Elm SPA caused all our pages to be removed from Google Search

We converted a Drupal site, and used Elm for the front-end. However Google does not see our site as an SPA as far as we can tell, so it only sees and indexes the index.html.

After a while all our pages were removed from Google Search, and traffic has dropped by 90%. See here what Google returns as indexed.

We have provided a sitemap but that didn’t help (we had this in place at launch). And from poking around in the Google Search Console it simply appears Google only sees the index.html content, which contains nothing. It does not launch a browser and wait for the content to be rendered.

We have decided to prerender our pages, as clearly Google does not recognise SPAs. We had done a ton of research, and from what we had seen Google does handle SPAs. But clearly it does not.

Is there any help the Elm community can give to see why Google does not recognise our SPA?

I’m not sure if this is the problem in this case but the normal googlebot and the chromium based googlebot that runs JS are different and the chromium one used to run with a delay compared to the non-js bot.

If you transitioned from the old page to the new then maybe the chromium-googlebot still didn’t have time to crawl the site with JS?

There may also be a wide variety of problems with the site, I’d start by looking into something like these:

Google does index JS websites, see for example package.elm-lang.org:

The site has been up for months, and pages are frequently crawled. But it just sees the index.html. Definitely does not fire up any kind of real browser.

If you want to go down the pre-rendering approach then it might be worth looking at either GitHub - lucamug/elm-starter: An Elm-based bootstrapper for Elm applications or https://elm-pages.com/ though I don’t know which would work better for you situation.

Usually Google has no problem indexing SPA (see site:https://package.elm-lang.org - Google Search for example)

Running Lighthouse, I see that often it returns the error “robots.txt is not valid. Lighthouse was unable to download a robots.txt file”. I see robots.txt is there but I wonder why Lighthouse is failing sometime.

Also the sitemap.xml file is very large. I don’t know if this can be an issue too.

What is the “Google Search Console” telling you? Does it read the 7710 entries you have in the sitemap? Something like:

In any case, this seems related to the concept of SPA per se. I don’t think Elm is related to this, as you mentioned in the title

1 Like

You’re sure package.elm-lang.org does not use server side rendering?

Sitemap is fine.

It may not be Elm, but these are actually 3 sites, none of them indexed. And I have a fourth completely unrelated site I build 2 years ago that also never got properly indexed. As it wasn’t important for that, I hadn’t investigated that one.
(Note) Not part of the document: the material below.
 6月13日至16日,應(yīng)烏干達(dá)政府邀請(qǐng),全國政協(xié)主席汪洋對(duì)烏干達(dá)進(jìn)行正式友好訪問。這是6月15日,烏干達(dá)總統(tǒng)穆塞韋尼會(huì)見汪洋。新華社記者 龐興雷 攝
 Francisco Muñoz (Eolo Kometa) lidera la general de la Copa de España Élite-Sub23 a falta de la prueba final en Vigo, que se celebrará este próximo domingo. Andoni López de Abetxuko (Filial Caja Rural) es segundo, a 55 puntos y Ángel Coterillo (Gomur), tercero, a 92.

I have no clue what’s going on, and either way, people should be quite aware of the issue.

1 Like

(package.elm-lang.org does not use server side rendering- it’s plain old elm!)

3 Likes

Clicking on “repeat the search with the omitted results included.” seems that Google indexed 42,700 results from the website but all of them have the same title and no description so Google consolidate them into 6 pages.
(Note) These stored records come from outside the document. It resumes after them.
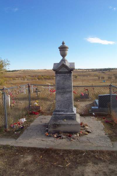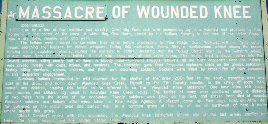Stopped in the town of Wounded Knee. Visited cemetery on hilltop with memorial to killed Indians. Jerry Elk, a local native, stopped by to describe the scene at the base of the hill as it was during the massacre.
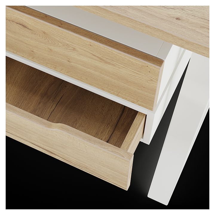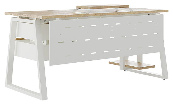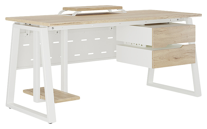 Компьютерный стол Кобор КTR-80/60 white/natural используется в офисных помещениях и кабинетах руководителей. Модель оснащена опорами в форме трапеции. Каркас выполнен из металла, выкрашенного в цвет белый муар (RAL9016), столешница – из ламинированной древесно-стружечной плиты (ЛДСП) цвета натуральный дуб (H1180 ST37). Опции (заказываются отдельно):
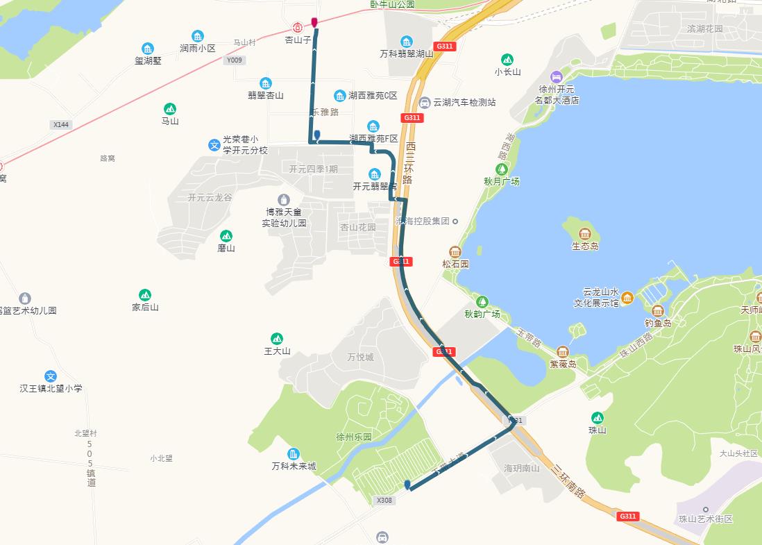 線路站點:山南小鎮(zhèn),山水龍瑞,馬場湖路口,馬場湖,怡康花園,后勤學院北,誠坤鋼材市場,蘇堤北路立交橋(西),蘇堤北路立交橋(東),蘇堤路小學,永業(yè)花園小區(qū),江蘇四監(jiān),銅沛路東口,中山北路立交橋

I am not a SEO expert but I would suggest changing, for each page, both the <title> and the <meta> description, using an Elm port, so that the Google bot can differentiate the indexing. It is a good way to influence how Google search resault looks like. This should be done as quickly as possible, to be safe. I see now that the real content of the page arrives with some delay.

Also multiple URLs should not have the same content, otherwise better to use the “canonical” meta tag. Google doesn’t like duplicated content.

If possible it would be beneficial also to reduce the number of assets for each page. Now a typical page seems to have around: 113 requests, 1,5 MB transferred, 6.8MB resources, finish 7.4s, load 3.18s. I noted several calls to the same script https://platform.twitter.com/widgets.js, I wonder if this can also be improved

6 Likes

I haven’t tried it yet, but netlify also has a prerendering feature now.

The node path isn’t used. These are old Drupal paths, and reindexed with indeed no title. We have fixed that, but that doesn’t appear to have done anything. You will notice that the current state has proper titles, and canonical tags, etc, and even for reindexed pages when we look at what Google says it has cached/loaded, it’s just the index.html.

Thanks for pointing out the performance. We measured that without Twitter, but Google sees the Twitter widget, and that indeed seems to hurt performance badly. I’ll see if I can avoid loading that for the Google bot.

Do you use a header with CSP?

My “webserver” CouchDB added CSP in the response-header after an update and Chromium did not render my SPA anymore, while Fixefox did. It may not be related, but as Google uses Chrome for executing JS, it maybe worth to check.

Unfortunately, I cannot offer you a solution, I just want to tell you that I manage an Elm SPA e-commerce-site which Google has no problem indexing the site.

4 Likes

No, not having any CSP header.